▸ Given entries

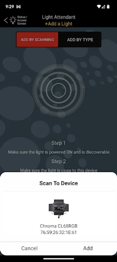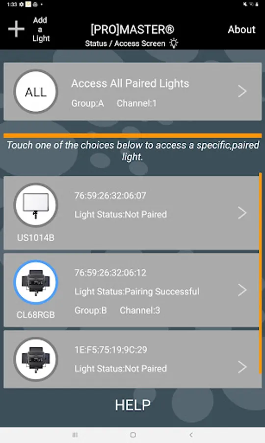 Note: This app only works with ProMaster LED lights specifically designated for use with the Light Attendant app. Please see your light's instructions for more details, to ensure it is compatible.
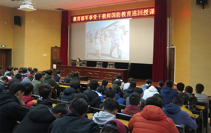 仲教员的授课以时下热播的电影《战狼2》开始,展现了我军“威武之师”的形象,引起了现场同学的强烈共鸣。他向同学们详细介绍了周边国际形势以及我军从成立到现在的光荣发展历程,以习近平总书记在党的十九大报告中的“我们的军队是人民的军队,我们的国防是全民的国防”为线,向大家阐述了自党的十八大以来以来我军紧紧围绕“召之即来、来之能战、战之必胜”这一中心进行的改革发展,强军之路,并鼓励大学生踊跃积极参军入伍,携笔从戎,献身国防、报效祖国。
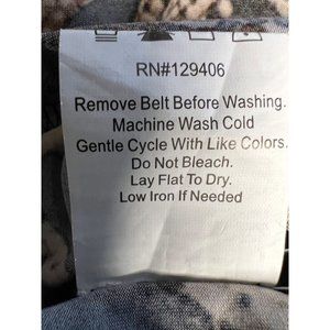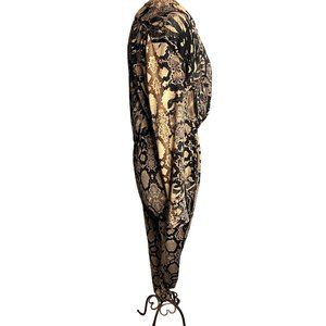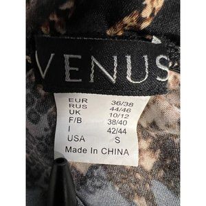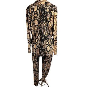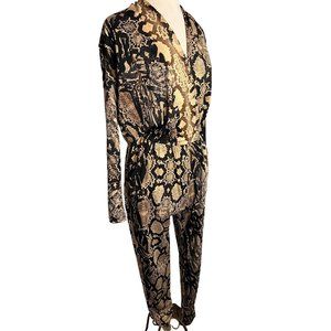 Stylish Venus woman's romper in small size with a snake print design. Features a v neck with snap long sleeves, elastic waist, two slash pockets, straight leg cut. Made in China from polyester and spandex blend. Machine washable. No belt included.
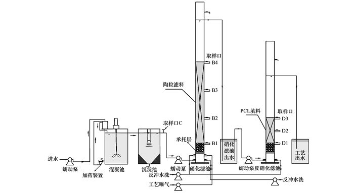 CS-BAF-SPDB主要由混凝沉淀池, 硝化濾池和固相反硝化濾池組成, 濾池主體采用有機玻璃制作, 其結(jié)構(gòu)如圖 1所示.其中混凝池和沉淀池的體積均為10 L; 曝氣生物濾池的濾柱高度為175 cm, 內(nèi)徑為8 cm, 濾柱內(nèi)填充的濾料為黏土陶粒, 填充高度為87 cm, 從承托層頂部到填料頂部共設(shè)4個取樣口(B1、B2、B3和B4);固相反硝化濾池的濾柱高度為130 cm, 內(nèi)徑為8 cm, 濾柱內(nèi)填充的濾料為聚己內(nèi)酯顆粒, 填充的高度為27 cm, 從承托層頂部到填料頂部共設(shè)3個取樣口(D1、D2和D3).曝氣生物濾池和固相反硝化濾池的有效體積(液體體積)分別為4.0 L和3.2 L.工藝進水流量通過蠕動泵(BT-1002J)控制.曝氣生物濾池由空壓機供氣, 進氣量通過氣體流量計和閥門控制.溫度控制儀嚴格控制進水水溫和濾池內(nèi)的溫度.
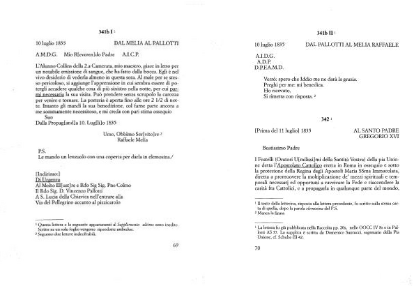 10 luglio 1835 DAL MELIA AL PALLOTTI A . M . D . G . Mio R [ everen ] do Padre A . I . C . P .

▸ Exercise
A verbatim copy of the records is expected, from their first line through the line with "Stylish Venus woman's", inclusive, with the pictures removed.

▸ Task response
 Note: This app only works with ProMaster LED lights specifically designated for use with the Light Attendant app. Please see your light's instructions for more details, to ensure it is compatible.
 仲教员的授课以时下热播的电影《战狼2》开始,展现了我军“威武之师”的形象,引起了现场同学的强烈共鸣。他向同学们详细介绍了周边国际形势以及我军从成立到现在的光荣发展历程,以习近平总书记在党的十九大报告中的“我们的军队是人民的军队,我们的国防是全民的国防”为线,向大家阐述了自党的十八大以来以来我军紧紧围绕“召之即来、来之能战、战之必胜”这一中心进行的改革发展,强军之路,并鼓励大学生踊跃积极参军入伍,携笔从戎,献身国防、报效祖国。
 Stylish Venus woman's romper in small size with a snake print design. Features a v neck with snap long sleeves, elastic waist, two slash pockets, straight leg cut. Made in China from polyester and spandex blend. Machine washable. No belt included.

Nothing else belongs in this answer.